Where did you go wrong?
-
She came back from the mission, and all was well again. She spun you around and around, her melodious giggles filling your ears and causing the corners of your mouth to lift. But you couldn’t help your brows from cinching inwards, wondering where this Wanda had been when you’d called. Was it just another fluke, or maybe something you’d imagined?
“I love you, printsessa, so, so much,” Wanda whispered. You loved the way her smooth voice filled your ears, made you feel whole again. Maybe it was the kitchen? Was that the place she felt safe, the place where she felt like she could love you fully? Maybe that’s why she seemed so closed off during the mission. When you didn’t respond, too lost in thought, she spoke up again.
“Detka, d’you know you’re the best thing that’s ever happened to me? I don’t know what I’d do without you.” Her eyes sparkled. No red mist emerged from her fingertips, but you swore Wanda’s essence was magic in and of itself. How could you ever deny her?
You surrendered.
“I love you too. More than anything in the world.”
---
The next day, Wanda woke you up with excitement filling her voice, insisting that you come with her to the compound to pick up some of the things she’d left behind. 

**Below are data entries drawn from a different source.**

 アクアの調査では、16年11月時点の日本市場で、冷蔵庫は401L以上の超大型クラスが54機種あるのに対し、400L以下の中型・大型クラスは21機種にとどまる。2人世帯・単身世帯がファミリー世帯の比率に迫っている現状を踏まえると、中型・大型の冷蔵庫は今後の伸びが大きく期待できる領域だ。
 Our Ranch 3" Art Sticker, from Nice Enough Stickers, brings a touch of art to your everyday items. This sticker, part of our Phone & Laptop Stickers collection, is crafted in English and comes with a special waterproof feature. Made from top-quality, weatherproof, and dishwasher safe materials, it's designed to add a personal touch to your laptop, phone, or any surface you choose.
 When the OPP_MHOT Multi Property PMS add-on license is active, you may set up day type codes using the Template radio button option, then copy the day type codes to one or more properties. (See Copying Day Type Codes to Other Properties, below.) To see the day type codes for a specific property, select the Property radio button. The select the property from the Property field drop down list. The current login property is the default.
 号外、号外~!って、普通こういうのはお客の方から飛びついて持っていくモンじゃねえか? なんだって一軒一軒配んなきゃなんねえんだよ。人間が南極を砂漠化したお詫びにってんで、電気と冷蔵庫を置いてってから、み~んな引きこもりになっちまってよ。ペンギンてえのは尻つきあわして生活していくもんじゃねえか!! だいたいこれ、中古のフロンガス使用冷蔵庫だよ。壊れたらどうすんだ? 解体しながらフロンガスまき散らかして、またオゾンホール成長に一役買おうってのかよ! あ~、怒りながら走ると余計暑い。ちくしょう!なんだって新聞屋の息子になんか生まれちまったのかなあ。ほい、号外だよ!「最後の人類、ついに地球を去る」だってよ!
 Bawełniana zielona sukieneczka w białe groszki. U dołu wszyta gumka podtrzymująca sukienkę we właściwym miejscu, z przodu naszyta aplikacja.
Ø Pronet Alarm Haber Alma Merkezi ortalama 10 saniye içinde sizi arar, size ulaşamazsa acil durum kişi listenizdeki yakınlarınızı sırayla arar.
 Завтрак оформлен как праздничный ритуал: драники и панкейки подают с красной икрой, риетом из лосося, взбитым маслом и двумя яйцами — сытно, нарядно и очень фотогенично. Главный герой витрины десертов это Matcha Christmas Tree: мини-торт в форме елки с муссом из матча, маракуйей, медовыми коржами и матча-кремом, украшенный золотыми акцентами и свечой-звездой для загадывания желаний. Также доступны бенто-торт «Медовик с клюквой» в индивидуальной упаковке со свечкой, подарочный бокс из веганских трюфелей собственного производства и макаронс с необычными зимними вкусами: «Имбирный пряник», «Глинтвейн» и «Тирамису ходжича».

“I want to show you off,” she’d laughed as she rolled you over.
“We’ve already met, babe. They love me, you’ve said so yourself,” you groaned. She shook her head as she corralled you into the bathroom.
“You haven’t met all of them! Now c’mon, let’s go!” You agreed, and she was right, there were lots of new people there.
“You must be Y/N, right?” You nodded as you shook the man’s hand.
“I’m Clint. I’ve heard, um, lots about you. And your socks.” The two of you laughed at his joke, but something about his chuckle was off. His smile never quite reached his eyes. Wanda whisked you off too soon for you to figure out why though, bringing you over to a rather large man. No, god, he’s a god. Thor, he said. His name is Thor.
“Hi, I’m Y/N,” you’d responded.
“The love of my life,” Wanda sighed, her voice wispy and dreamy. The god’s eyebrows had raised at that.
“Well, it’s a pleasure to meet you then, Y/N. I didn’t know Wanda was so fortunate as to have a love so strong.” Sometimes you had to remind yourself of that too. “You are very lucky, my friend.” Am I? 
-
You exchanged jokes with Natasha, learned of some of Bruce and Tony’s new projects, listened to stories of Thor’s childhood adventures on Asgard; the night went well. Until it didn’t.
You were yanked into a mostly empty room, the door quickly shut behind you. Was that a flash of red you’d seen in the corner of your eye?
“What did you do?” someone hissed. The voice was familiar, but by this point, you weren’t sure if it filled you with dread or joy when you heard it. Was that part of the excitement of your relationship, trying to figure out the complexities of it all, trying to predict which version of your lover you’d get this time?
“I don’t know,” you whispered. “I didn’t do anything, Wanda, I swear!”
“Then why is Clint telling me to break up with you? What did you say to him?” Your head shook, your whole body shook. This was news to you.
“I didn’t say anything. Please, Wan-”
“How am I supposed to believe that, Y/N? Do you really think he’d just make that up out of nowhere?” You tried to find the words, the ones you should say, the ones she’d want you to say. You had nothing. The witch’s anger grew, her hands slamming down on her sides. “God, Y/N! It’s like sometimes I don’t even know who you are!”
But wait, that was how you felt. Wasn’t it? Or had you dreamed that up too? What had you done?
“Wanda, I promise I didn’t do anything. I’ve been friendly to him all night.”
“So you expect me to believe he’s lying, then.” Your eyes fell to her chest, its rise and fall rapid but deep, going up and down several times before she spoke again. “Y/N, he named his child after my brother. Why would he lie to me?” You could do nothing, say nothing to fix this. You weren’t sure exactly what you did, but you’d messed up. Again.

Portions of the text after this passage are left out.